The Work and Potential Energy of Two Masses at a Distance R

[e(ho0n3]

Hi everyone,

Here is the problem: Two masses m and n are initially infinitely far appart from each other. Calculate the amount of work to get them a distance R from each other.

Taking mass m as my reference point, the potential energy of mass n a distance r from m is U(r) = -Gmn/r. Now, if only conservative forces are involved -W = U(r') - U(r) where W is the work need to move a mass a distance r' - r as I understand it. So -W = U(R) - 0 => W = -U(R) = Gmn/R. However, the book where I got this problem from has as the solution -Gmn/R. That means either W = U(r') - U(r) or U(r) = Gmn/r, but these would be contradictions.

Confuzzled here,
e(ho0n3

 

[Doc Al]

work against gravity

You are calculating the work done by gravity, but that's not what the question asks. The work done on this system (against gravity) equals the change in the system's energy. Since the applied force opposes gravity as the masses are brought closer, the work done is negative.

 

[e(ho0n3]

You are calculating the work done by gravity, but that's not what the question asks. The work done on this system (against gravity) equals the change in the system's energy. Since the applied force opposes gravity as the masses are brought closer, the work done is negative.

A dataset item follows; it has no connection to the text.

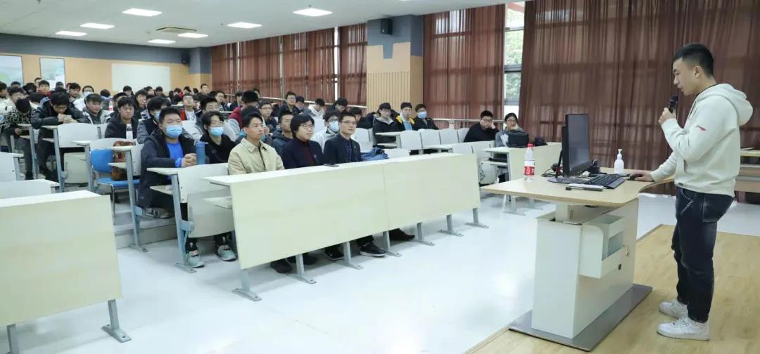 在齐老师对征兵政策的细致解读之后,秦超逸学长着重从个人的发展、军营的风采两个角度向同学们讲述了自己入伍的感受和在军营的生活。秦学长鼓励同学们勇敢选择参军,并以过来人的经验告诉同学们入伍后不仅能强健体魄、学习一定的技能,更能在未来的发展上有更多的选择,同时也能享受一定的优待政策。接着,秦学长向同学们展示了自己的军旅生活。虽然军营生活要求严苛,但能够提升个人素质。军营里举办的联谊活动、跟战友们建立的深厚情谊——在秦学长的讲述下,军营生活并不枯燥,而丰富多彩。最后,秦学长以两个拍摄平时训练的小视频结束了他对自己军旅生活的介绍。

I seem to be a little confused about the work done by a force on a body and the work done on a body. When I think of work, I think

$$W = \int_{p}^{p'}{\vec{F}\cdot\vec{dr}}$$​

I guess I went wrong by assuming that gravity will be doing the work of getting m and n a distance R from each other. But as I understand from your explanation, there must be another force which must be applied for this to happen and that this force is opposing gravity.

I'm still confused though. Gravity is an attractive force, meaning that mass m will attract mass n and vice versa. Why would I apply a force that opposes gravity and impede m and n from getting closer.

e(ho0n3

 

[Doc Al]

I seem to be a little confused about the work done by a force on a body and the work done on a body. When I think of work, I think

$$W = \int_{p}^{p'}{\vec{F}\cdot\vec{dr}}$$​

Correct, of course.

I guess I went wrong by assuming that gravity will be doing the work of getting m and n a distance R from each other. But as I understand from your explanation, there must be another force which must be applied for this to happen and that this force is opposing gravity.

What if the question asked: What work is done in separating two masses from distance R to infinity? I assume you would not hesitate is stating that positive work is done by some external force, right? Same thing here, only backwards. Somehow the masses are brought together (not just let go): the KE is kept at zero.

I will admit that it's a tricky question.

I'm still confused though. Gravity is an attractive force, meaning that mass m will attract mass n and vice versa. Why would I apply a force that opposes gravity and impede m and n from getting closer.

Sure, it's a bit of a semantic game. You can just let them fall together. In which case no external work is done, and the energy is constant. Or you can lower them together slowly, via an exernal force against gravity: in this case you've done negative work--and lowered the total energy of the two mass system.

It's slippery stuff.

 

[turin]

You can just let them fall together. In which case no external work is done, and the energy is constant. Or you can lower them together slowly, via an exernal force against gravity: in this case you've done negative work--and lowered the total energy of the two mass system.

I'm wondering, and this is to support you, not argue with you:

If you just let them go, you will eventually have to stop them. To do that, you would have to supply a force, infinite if you stop them dead in there tracks (decelerating for v to 0 instantaneously). In other words, isn't it a nontrivial issue that both initial and final states are stationary and therefore KE is not a factor? Of course, even this is an assumption that must be made in order to solve the problem.

 

[Doc Al]

If you just let them go, you will eventually have to stop them. To do that, you would have to supply a force, infinite if you stop them dead in there tracks (decelerating for v to 0 instantaneously).

Good observation, as usual. But note that the amount of work needed to stop the masses is the same amount of work needed to bring them together slowly with no KE. (No need to add in the complication of infinite force--assume some non-zero time for deceleration.)

In other words, isn't it a nontrivial issue that both initial and final states are stationary and therefore KE is not a factor? Of course, even this is an assumption that must be made in order to solve the problem.

Right--to even begin to answer this question you need to make some assumptions about KE. That's why I agree that it's a tricky question.